Advisory Panel Votes Against Drug's Approval Because of Potential Side Effects

By Daniel J. DeNoon
WebMD Health News

Reviewed By Laura J. Martin, MD

July 15, 2010 -- Don't approve Qnexa for weight loss, an FDA expert advisory panel today said in a 10-6 vote.

The panel of medical experts found Qnexa effective but worried about millions taking it before safety concerns are answered.

The FDA usually follows the recommendation of its advisory panel, but the split vote, and some of the comments by panelists, may leave the FDA room to approve the drug.

"I hope my 'no' vote will allow more discussion. I would not be upset if it were approved with more indications [limiting its use]," said panel chair Kenneth Burman, MD, of Georgetown University.

With the rest of the panel, Burman agreed that Qnexa works better than any approved weight loss drug. While people taking it don't get thin, they do lose 6% to 10% of their body weight -- if they also undergo a program of diet and exercise.

But the drug has side effects, both known and theoretical. It may cause birth defects, it may increase suicide risk, it can cause a condition called metabolic acidosis that speeds bone loss, it increases risk of kidney stones, and may have other serious effects.

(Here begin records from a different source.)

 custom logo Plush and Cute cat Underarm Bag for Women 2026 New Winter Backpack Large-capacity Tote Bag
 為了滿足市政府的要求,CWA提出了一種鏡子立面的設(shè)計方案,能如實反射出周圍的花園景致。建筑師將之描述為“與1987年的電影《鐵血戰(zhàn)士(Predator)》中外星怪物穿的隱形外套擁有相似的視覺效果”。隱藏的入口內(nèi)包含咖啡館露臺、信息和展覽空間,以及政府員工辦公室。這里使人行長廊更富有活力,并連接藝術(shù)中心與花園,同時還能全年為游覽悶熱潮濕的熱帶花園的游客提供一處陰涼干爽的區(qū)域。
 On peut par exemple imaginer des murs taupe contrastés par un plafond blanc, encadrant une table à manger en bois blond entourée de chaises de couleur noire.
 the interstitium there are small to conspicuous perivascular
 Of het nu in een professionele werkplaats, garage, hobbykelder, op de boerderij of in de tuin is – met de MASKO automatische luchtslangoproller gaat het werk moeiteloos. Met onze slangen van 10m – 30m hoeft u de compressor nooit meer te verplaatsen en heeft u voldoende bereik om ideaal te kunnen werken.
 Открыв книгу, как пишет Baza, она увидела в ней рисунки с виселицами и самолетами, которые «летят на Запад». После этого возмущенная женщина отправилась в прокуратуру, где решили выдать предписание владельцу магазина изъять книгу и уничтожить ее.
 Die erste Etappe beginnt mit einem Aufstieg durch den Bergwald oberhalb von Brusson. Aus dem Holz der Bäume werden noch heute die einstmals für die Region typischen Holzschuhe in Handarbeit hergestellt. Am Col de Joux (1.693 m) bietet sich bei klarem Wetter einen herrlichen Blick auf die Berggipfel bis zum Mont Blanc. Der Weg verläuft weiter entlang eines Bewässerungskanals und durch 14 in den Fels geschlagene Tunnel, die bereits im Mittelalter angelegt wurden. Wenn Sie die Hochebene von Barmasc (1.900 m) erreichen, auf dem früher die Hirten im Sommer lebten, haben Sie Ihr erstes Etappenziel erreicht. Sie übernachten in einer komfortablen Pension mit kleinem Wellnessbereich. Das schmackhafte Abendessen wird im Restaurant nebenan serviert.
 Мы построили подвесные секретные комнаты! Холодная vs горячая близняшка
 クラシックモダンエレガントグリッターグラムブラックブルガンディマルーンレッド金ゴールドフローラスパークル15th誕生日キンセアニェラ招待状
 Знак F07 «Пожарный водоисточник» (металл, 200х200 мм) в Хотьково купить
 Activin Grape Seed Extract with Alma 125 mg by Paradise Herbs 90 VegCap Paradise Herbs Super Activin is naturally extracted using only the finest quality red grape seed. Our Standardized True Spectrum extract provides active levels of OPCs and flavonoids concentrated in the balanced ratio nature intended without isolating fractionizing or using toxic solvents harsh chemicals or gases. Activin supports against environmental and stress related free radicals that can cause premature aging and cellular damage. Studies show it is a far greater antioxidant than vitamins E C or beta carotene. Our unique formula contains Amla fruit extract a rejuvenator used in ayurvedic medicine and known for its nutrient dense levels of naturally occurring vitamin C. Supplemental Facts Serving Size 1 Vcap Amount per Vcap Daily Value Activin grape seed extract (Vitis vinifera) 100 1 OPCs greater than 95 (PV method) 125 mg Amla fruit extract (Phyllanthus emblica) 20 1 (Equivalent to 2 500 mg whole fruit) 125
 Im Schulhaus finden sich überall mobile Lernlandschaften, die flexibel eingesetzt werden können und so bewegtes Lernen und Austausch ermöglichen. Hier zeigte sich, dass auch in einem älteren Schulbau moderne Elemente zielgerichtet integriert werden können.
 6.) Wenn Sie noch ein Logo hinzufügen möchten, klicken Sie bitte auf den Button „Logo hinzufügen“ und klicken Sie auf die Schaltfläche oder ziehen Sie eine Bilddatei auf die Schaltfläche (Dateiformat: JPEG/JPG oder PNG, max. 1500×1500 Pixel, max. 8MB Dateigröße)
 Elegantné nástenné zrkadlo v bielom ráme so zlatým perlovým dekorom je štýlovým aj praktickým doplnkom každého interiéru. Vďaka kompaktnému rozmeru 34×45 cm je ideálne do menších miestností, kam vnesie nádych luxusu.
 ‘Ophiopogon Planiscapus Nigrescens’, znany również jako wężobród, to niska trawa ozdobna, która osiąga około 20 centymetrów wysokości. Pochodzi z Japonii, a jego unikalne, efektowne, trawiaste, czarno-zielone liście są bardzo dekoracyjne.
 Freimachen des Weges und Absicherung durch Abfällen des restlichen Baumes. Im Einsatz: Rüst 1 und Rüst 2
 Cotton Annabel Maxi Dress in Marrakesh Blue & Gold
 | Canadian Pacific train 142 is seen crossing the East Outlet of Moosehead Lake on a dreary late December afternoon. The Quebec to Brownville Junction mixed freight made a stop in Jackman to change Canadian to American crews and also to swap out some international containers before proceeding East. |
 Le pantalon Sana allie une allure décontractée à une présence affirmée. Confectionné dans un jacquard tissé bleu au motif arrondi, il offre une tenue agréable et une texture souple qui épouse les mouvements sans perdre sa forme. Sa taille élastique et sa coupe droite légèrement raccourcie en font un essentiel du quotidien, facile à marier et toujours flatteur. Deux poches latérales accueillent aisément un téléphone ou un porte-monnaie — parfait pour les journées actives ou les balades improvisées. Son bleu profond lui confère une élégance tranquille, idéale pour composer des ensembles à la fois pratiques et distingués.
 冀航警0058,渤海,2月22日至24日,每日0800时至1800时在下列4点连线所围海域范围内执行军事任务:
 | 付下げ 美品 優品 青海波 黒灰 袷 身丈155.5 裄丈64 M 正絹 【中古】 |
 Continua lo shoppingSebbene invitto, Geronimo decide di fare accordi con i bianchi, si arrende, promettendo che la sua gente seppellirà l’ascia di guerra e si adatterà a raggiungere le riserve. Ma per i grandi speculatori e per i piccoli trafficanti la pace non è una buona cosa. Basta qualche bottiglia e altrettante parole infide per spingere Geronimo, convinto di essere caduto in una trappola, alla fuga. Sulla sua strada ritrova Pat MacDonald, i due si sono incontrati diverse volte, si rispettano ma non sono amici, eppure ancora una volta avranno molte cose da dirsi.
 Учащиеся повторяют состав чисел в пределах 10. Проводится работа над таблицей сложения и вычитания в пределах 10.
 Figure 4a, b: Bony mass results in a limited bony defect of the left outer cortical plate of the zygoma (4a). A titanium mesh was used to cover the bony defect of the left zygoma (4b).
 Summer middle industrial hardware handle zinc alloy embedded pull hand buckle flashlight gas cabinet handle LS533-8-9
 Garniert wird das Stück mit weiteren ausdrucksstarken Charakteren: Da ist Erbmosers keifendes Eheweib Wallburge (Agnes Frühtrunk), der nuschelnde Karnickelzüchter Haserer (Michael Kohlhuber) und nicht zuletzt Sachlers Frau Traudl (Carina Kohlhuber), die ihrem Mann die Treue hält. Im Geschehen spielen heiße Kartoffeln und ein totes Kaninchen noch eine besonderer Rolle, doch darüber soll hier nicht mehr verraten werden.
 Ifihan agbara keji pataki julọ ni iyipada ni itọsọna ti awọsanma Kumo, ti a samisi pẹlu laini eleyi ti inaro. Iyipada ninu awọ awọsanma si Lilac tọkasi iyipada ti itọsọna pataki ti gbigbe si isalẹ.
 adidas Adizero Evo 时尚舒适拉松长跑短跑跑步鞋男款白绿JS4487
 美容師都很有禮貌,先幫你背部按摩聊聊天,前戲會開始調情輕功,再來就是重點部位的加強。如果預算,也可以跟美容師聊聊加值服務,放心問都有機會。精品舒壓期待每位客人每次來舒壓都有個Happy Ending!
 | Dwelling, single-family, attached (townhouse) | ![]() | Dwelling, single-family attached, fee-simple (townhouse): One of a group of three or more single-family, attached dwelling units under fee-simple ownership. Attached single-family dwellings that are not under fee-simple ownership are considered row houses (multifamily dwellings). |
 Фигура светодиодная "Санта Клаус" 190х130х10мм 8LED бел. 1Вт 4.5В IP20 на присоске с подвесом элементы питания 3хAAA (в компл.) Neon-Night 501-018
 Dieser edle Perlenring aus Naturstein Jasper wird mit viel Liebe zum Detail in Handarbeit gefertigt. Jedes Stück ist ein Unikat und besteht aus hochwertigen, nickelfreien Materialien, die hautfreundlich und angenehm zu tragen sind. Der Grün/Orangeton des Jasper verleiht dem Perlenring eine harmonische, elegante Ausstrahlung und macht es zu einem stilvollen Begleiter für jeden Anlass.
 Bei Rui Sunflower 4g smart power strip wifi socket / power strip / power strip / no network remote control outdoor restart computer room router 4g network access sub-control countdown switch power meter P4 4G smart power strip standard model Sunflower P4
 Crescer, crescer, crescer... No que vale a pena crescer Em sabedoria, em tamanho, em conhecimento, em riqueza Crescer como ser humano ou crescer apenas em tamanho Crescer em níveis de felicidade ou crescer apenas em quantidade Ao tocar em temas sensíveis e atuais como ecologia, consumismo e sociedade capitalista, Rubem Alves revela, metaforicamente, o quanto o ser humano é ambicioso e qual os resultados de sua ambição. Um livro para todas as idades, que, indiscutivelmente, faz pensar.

"It is difficult if not impossible to weigh these issues as the clinical trials went on only for a year, and patients will use this drug for lifetime," Burman said. "It is impossible to extrapolate the trial data to the wider population."

Even so, the FDA was listening to Burman and other panelists who said their vote against approval was a close call.

"When you listen to even the 'no' voters, you got the sense a lot of people had a little bit of hesitancy," FDA Deputy Director for Endocrine Products Eric C. Colman, MD, said in a news conference. "They were not strongly against the drug but had lingering concerns that made them vote 'no.'"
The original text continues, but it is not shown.